The simplest way to use fennel is as a tea. Crush about a teaspoon of fennel seeds lightly (this releases the oils), steep in hot water for 5 to 10 minutes, and drink after meals. You can also chew a small pinch of whole fennel seeds after eating, which is a common practice in Indian cuisine for exactly this reason. Fennel has a mild licorice-like flavor that most people find pleasant.
Chamomile
Chamomile works as both an antispasmodic and an anti-inflammatory in the gut. Its active compounds reduce the release of prostaglandins, signaling molecules that promote inflammation and muscle contraction. With lower prostaglandin levels, the smooth muscle of the digestive tract relaxes, allowing trapped gas to move through more easily. A clinical trial published in the Journal of Ayurveda and Integrative Medicine found chamomile significantly reduced flatulence in post-surgical patients, attributing the effect to its flavonoid compounds along with two other naturally occurring anti-inflammatory agents in the plant.

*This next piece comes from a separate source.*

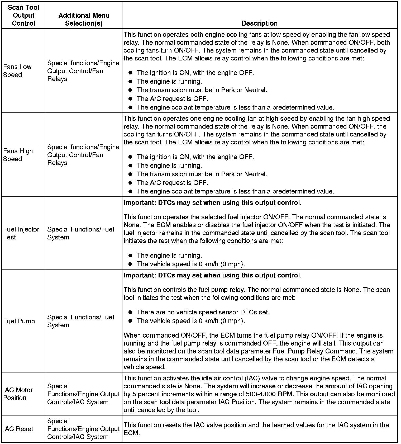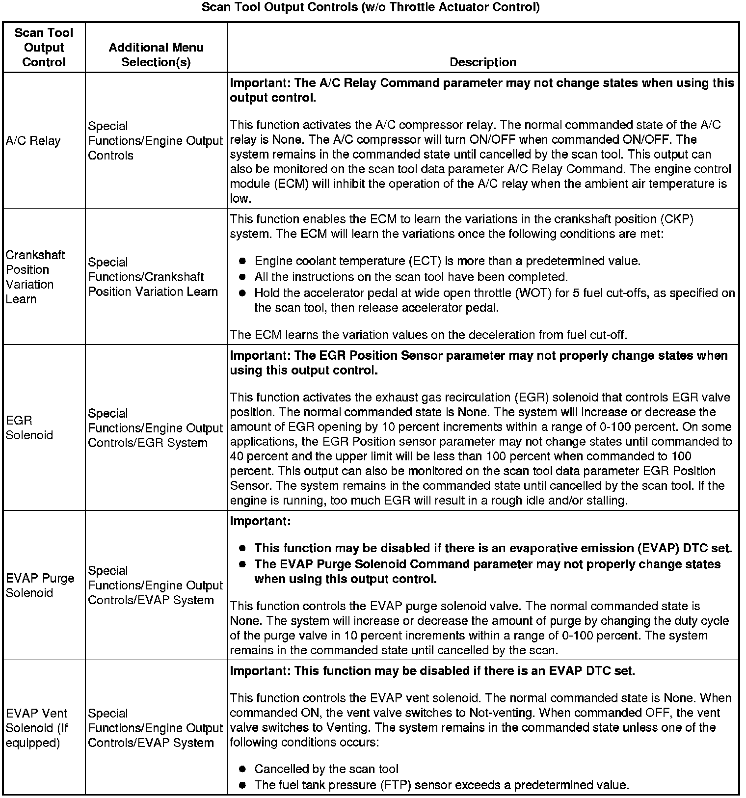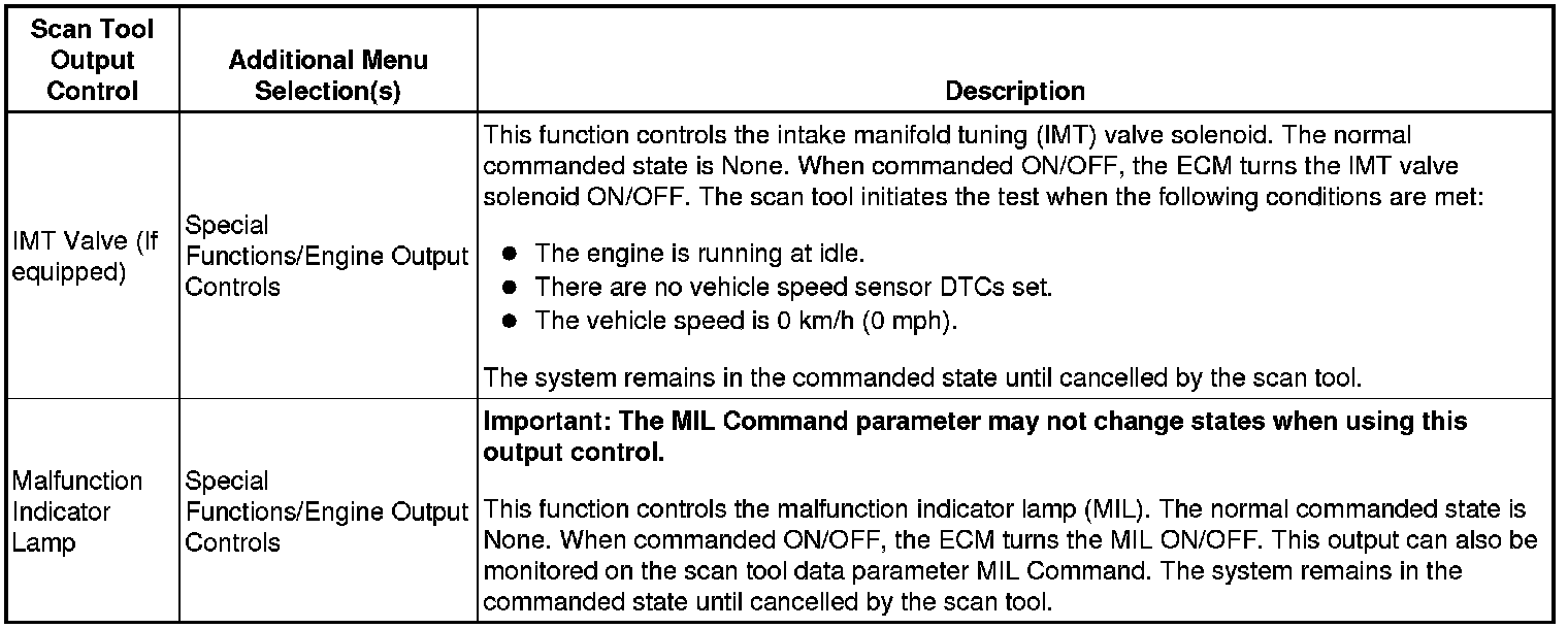 Scan Tool Output Controls (w/o Throttle Actuator Control)

Chamomile tea is the standard form, and it’s one of the mildest options on this list. It’s a good choice if your bloating comes with general digestive discomfort or stress-related gut tension, since chamomile also has calming properties. Drink a cup after meals or in the evening when bloating tends to be worst.
Lemon Balm
Lemon balm is less well known than the herbs above, but the European Medicines Agency recognizes it as a traditional herbal treatment for mild gastrointestinal complaints including bloating and flatulence. Lab research shows that lemon balm extract has spasmolytic effects specifically in the jejunum and ileum, the middle and lower sections of the small intestine where much of gas-related discomfort originates. It had no effect on the stomach or colon in those studies, which suggests it targets a specific zone of the gut rather than acting broadly.

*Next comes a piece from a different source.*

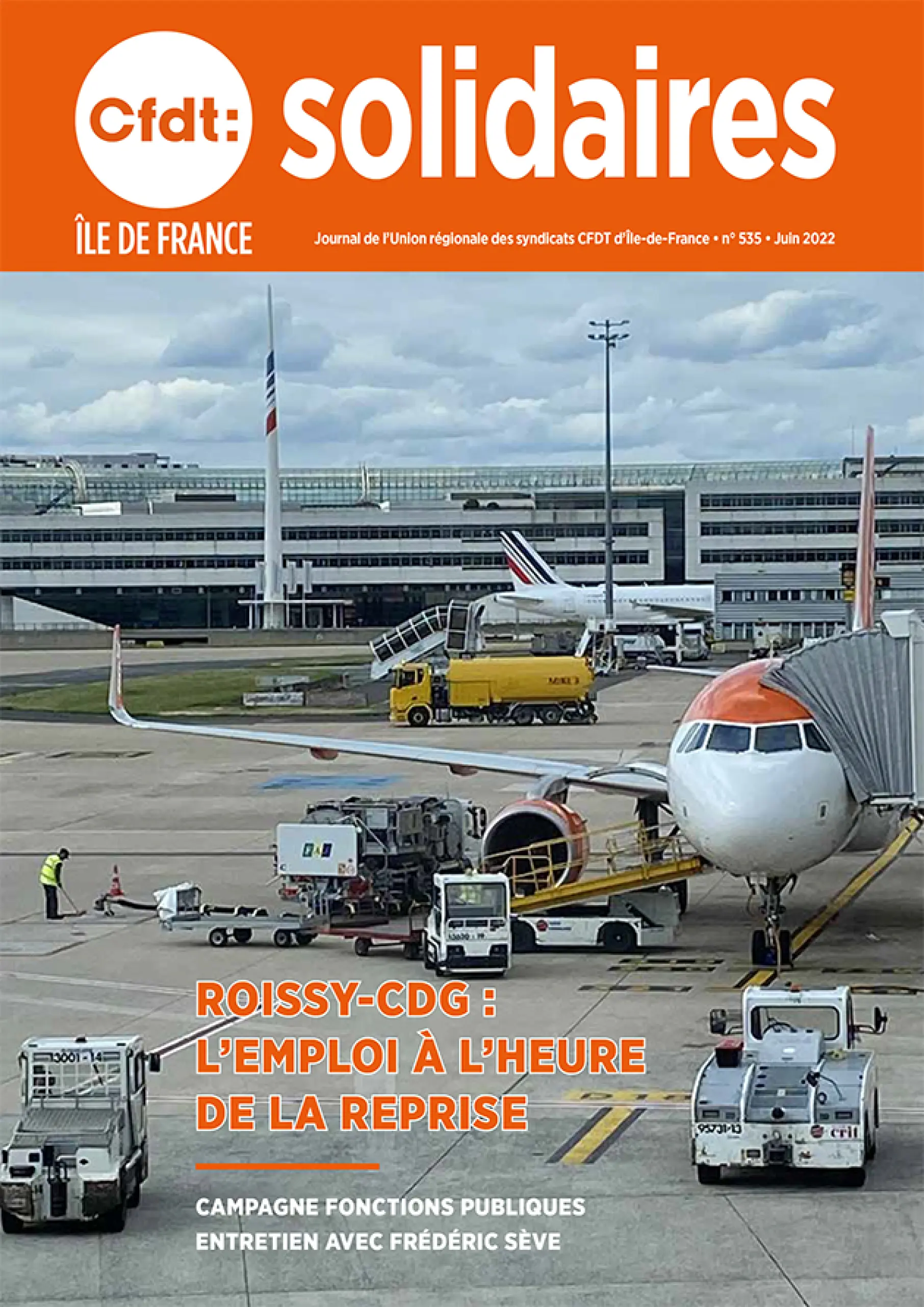 Au programme de ce numéro 535 de Solidaires, un dossier complet sur l'emploi dans la zone aéroportuaire de Roissy - CDG en situation de sous-effectifs, à l'heure où le trafic aérien reprend, l'interverview de Frédéric Sève, secrétaire national, les actions pour la campagne fonctions publiques...

Lemon balm tea is widely available and has a light, slightly citrusy flavor. It pairs well with chamomile if you want to combine herbs, and it’s gentle enough to drink several times a day.
Caraway and Cumin
Caraway and cumin are closely related spices with a long history in traditional medicine for clearing accumulated gas from the digestive tract. Caraway is one of the active ingredients in Iberogast, a well-known European herbal remedy for digestive complaints, where it contributes to improved gastrointestinal motility and reduced gas production. In traditional Persian and Indian medicine, caraway and cumin are often combined with anise and taken as a powder after meals to prevent flatulence and abdominal pain.
You can brew either spice as a tea by simmering a teaspoon of seeds in water for about 10 minutes. Cumin is also easy to incorporate into cooking, which provides a lower but consistent dose with meals. These are particularly useful additions if you eat a high-fiber or legume-heavy diet that tends to produce more intestinal gas.
How to Choose the Right Herb
The best herb for you depends on the pattern of your symptoms. If bloating comes with cramping or spasms, start with peppermint or fennel, both strong antispasmodics. If you feel uncomfortably full after meals and food seems to sit like a brick, ginger is the better fit because it targets slow stomach emptying directly. For mild, general bloating that’s more annoying than painful, chamomile or lemon balm tea after meals is often enough.
You can also combine herbs. Fennel and chamomile tea blends are widely sold and cover both antispasmodic and anti-inflammatory pathways. Ginger and peppermint address different parts of the digestive process, so using ginger before meals and peppermint after is a reasonable approach. Keep in mind that persistent bloating lasting more than a few weeks, or bloating paired with unintended weight loss, changes in bowel habits, or pain that wakes you at night, points to something that herbs alone won’t address.